We have four node ClickHouse cluster and a single-node Zookeeper cluster. Spin up the containers using docker-compose up command.

2.1 Configure the cluster

Update the config.xml to make ClickHouse aware of the other nodes of the cluster, once all the servers are up and running. The configuration changes has to be made in every node of the cluster.

<remote_servers>
<replicated_cluster>
    <shard>
    <internal_replication>true</internal_replication>
    <replica>
        <host>clickhouse1</host>
        <port>9000</port>
    </replica>
    <replica>
        <host>clickhouse2</host>
        <port>9000</port>
    </replica>
    </shard>
    <shard>
    <internal_replication>true</internal_replication>
    <replica>
        <host>clickhouse3</host>
        <port>9000</port>
    </replica>
    <replica>
        <host>clickhouse4</host>
        <port>9000</port>
    </replica>
    </shard>
</replicated_cluster>
</remote_servers>

Note that we have configured shard 1 and it’s replica in the node clickhouse1 and clickhouse2 and the other shard and it’s replica in the node clickhouse3 and clickhouse4.

2.2 Configure Zookeeper

The next step is to configure the zookeeper in config.xml file.

<zookeeper>
  <node index="1">
    <host>zookeeper</host>
    <port>2181</port>
  </node>  
</zookeeper>

2.3 Configuring macros

The configured macros are used in substitution while creating the replicated tables.

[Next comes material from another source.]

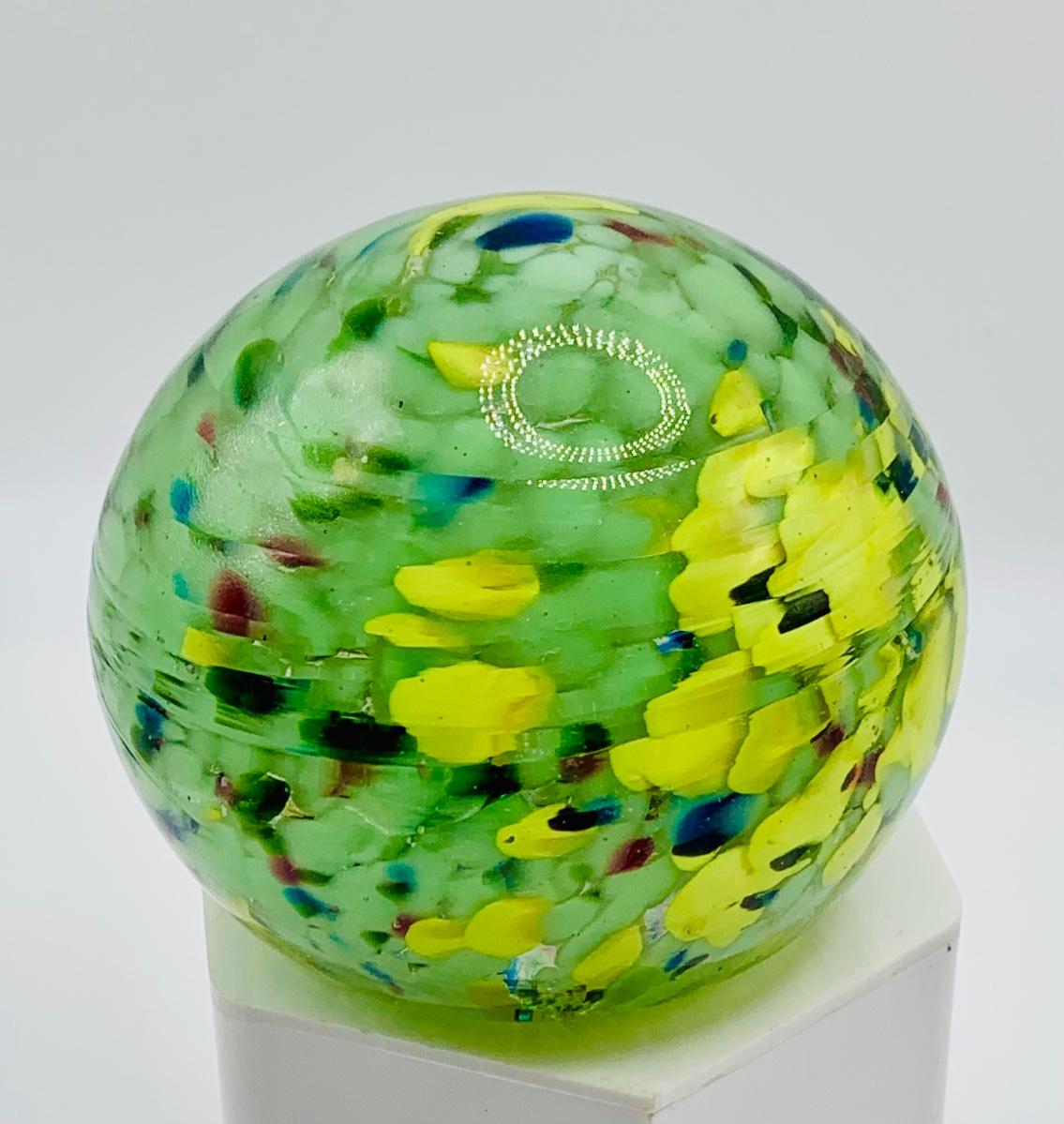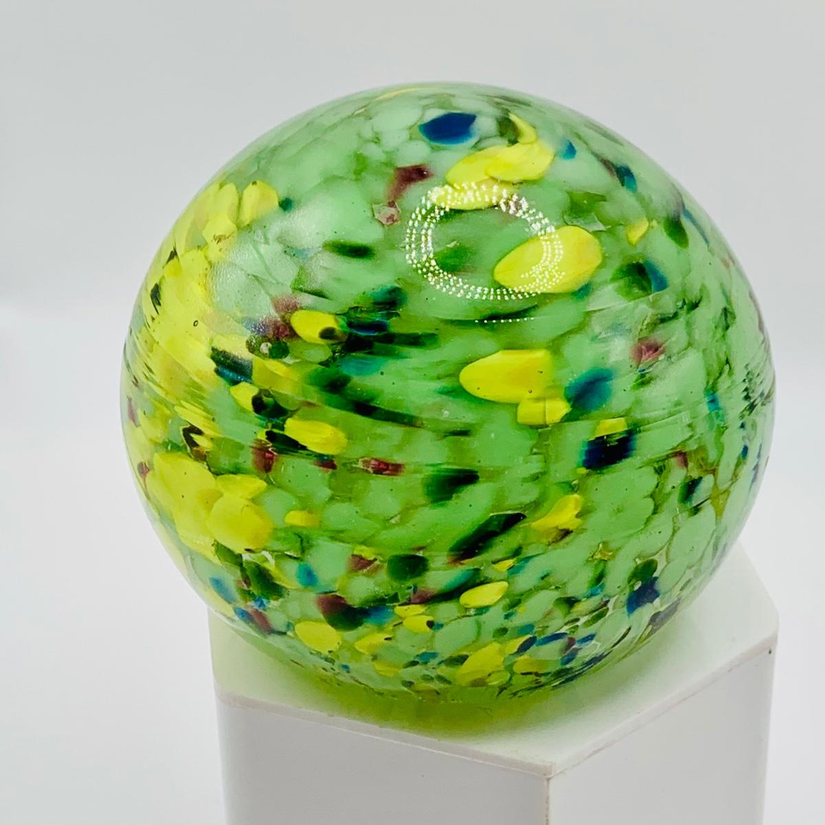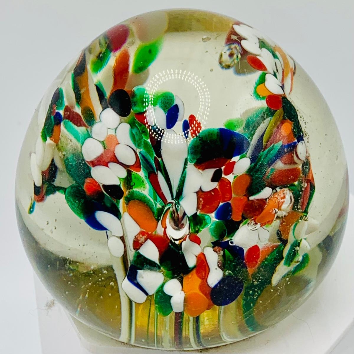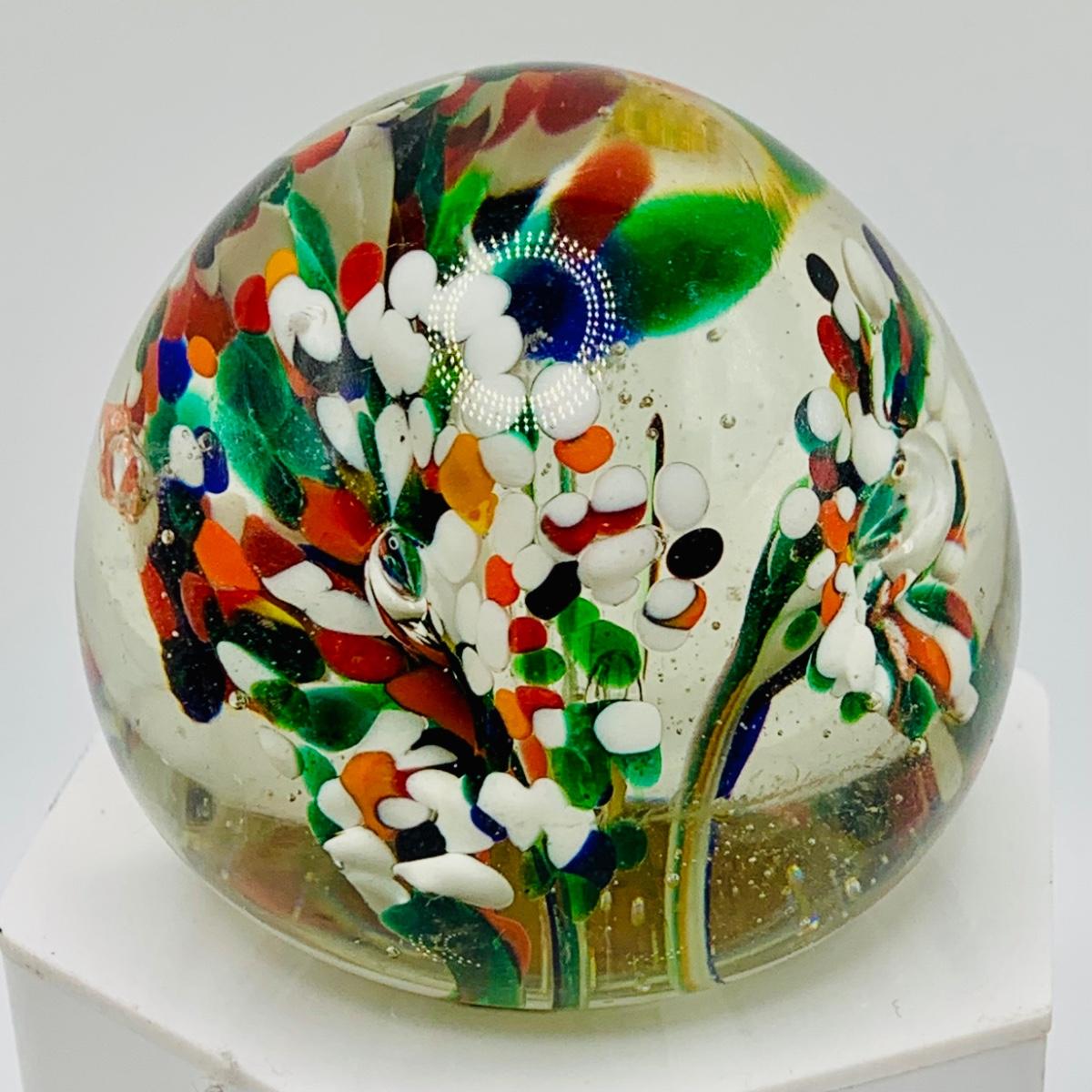 LOT 3: Collection of Three (3) Vintage Art Glass Paperweights Featuring a Dragonfly Floral Design and Confetti Style Designs

<!--In the node clickhouse1-->

<macros>
<shard>01</shard>
<replica>ch1</replica>
</macros>
<!--In the node clickhouse2-->

<macros>
<shard>01</shard>
<replica>ch2</replica>
</macros>
<!--In the node clickhouse3-->

<macros>
<shard>02</shard>
<replica>ch3</replica>
</macros>
<!--In the node clickhouse4-->

<macros>
<shard>02</shard>
<replica>ch4</replica>
</macros>

2.4 Create the tables

Let us create the tables required in all the nodes.

CREATE TABLE sharded_replicated_example
(
    ID UInt32,
    Name String
) ENGINE = ReplicatedMergeTree('/clickhouse/tables/sharded_replicated/{shard}', '{replica}')
ORDER BY (ID);

The Zookeeper path in the parameter would be /clickhouse/tables/sharded_replicated/01 and replica would be ch1 for clickhouse1 node. It would be /clickhouse/tables/sharded_replicated/01 and replica would be ch2 for clickhouse1 node based on the configured macro.

The next step is to create the distributed table.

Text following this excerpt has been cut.